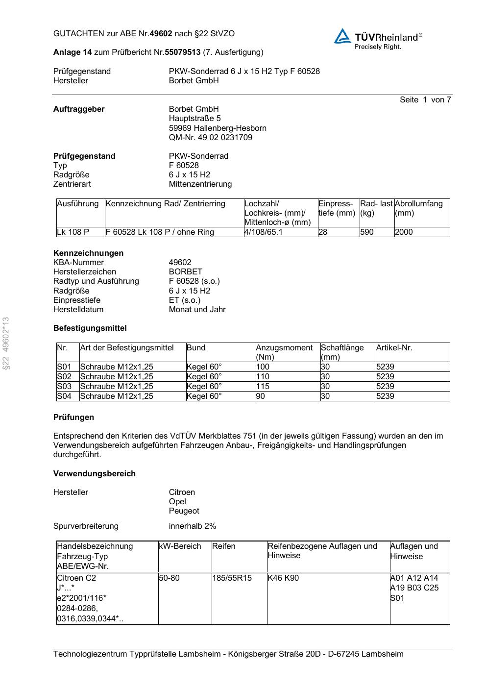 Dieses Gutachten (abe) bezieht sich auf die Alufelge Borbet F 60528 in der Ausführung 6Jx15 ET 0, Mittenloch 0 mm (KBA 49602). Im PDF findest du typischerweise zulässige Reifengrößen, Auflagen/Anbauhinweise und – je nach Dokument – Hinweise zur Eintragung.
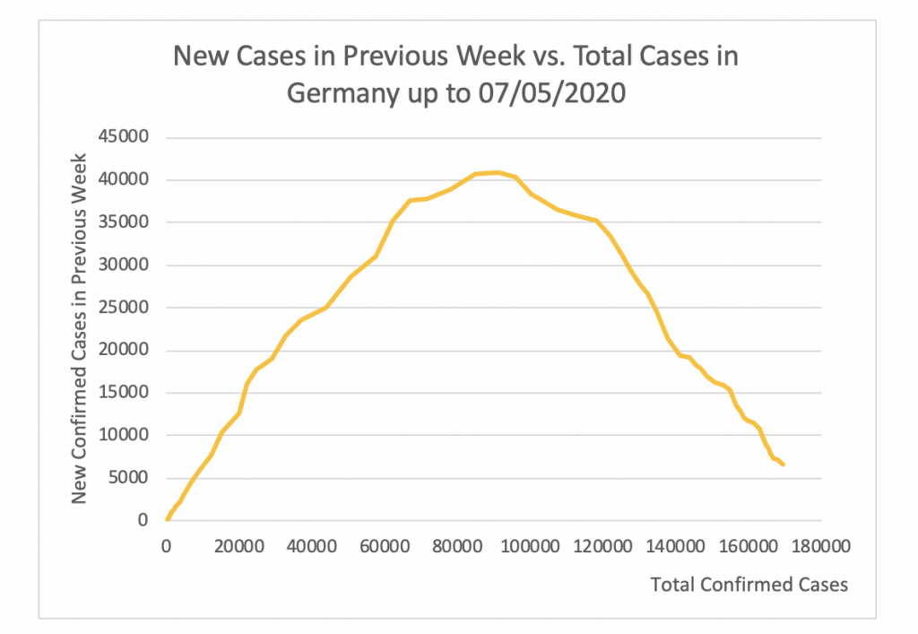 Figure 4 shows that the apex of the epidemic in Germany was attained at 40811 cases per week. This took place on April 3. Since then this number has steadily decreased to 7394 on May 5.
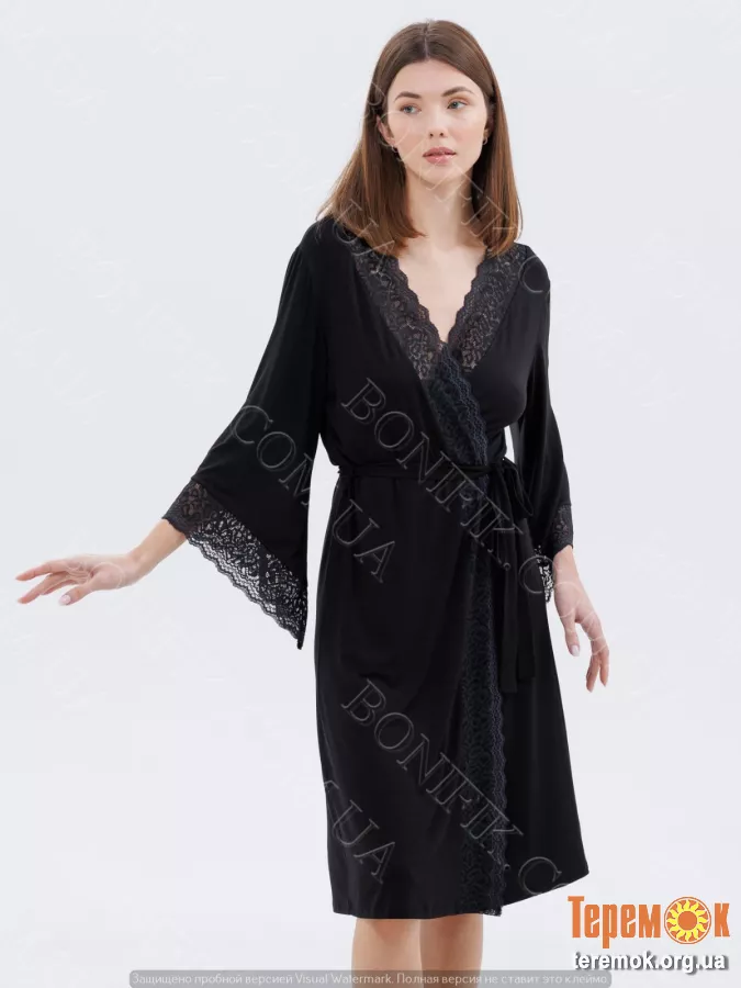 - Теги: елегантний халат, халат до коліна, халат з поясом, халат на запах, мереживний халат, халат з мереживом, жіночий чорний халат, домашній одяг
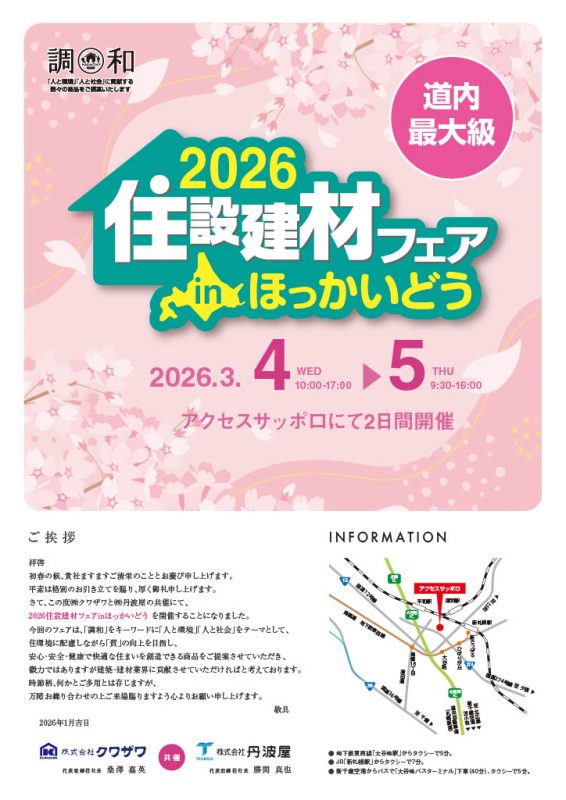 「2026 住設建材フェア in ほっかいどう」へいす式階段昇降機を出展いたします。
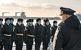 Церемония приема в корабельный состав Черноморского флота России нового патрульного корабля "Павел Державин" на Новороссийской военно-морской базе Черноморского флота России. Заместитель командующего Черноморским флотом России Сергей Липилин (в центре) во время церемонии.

## What the task asks
Starting with the line that holds "住設建材フェア in ほっかいどう」へいす式階段昇降機を出展いたします。", print each line through the last one of the data exactly as written, but do not include the pictures.

## Output for this task
 「2026 住設建材フェア in ほっかいどう」へいす式階段昇降機を出展いたします。
 Церемония приема в корабельный состав Черноморского флота России нового патрульного корабля "Павел Державин" на Новороссийской военно-морской базе Черноморского флота России. Заместитель командующего Черноморским флотом России Сергей Липилин (в центре) во время церемонии.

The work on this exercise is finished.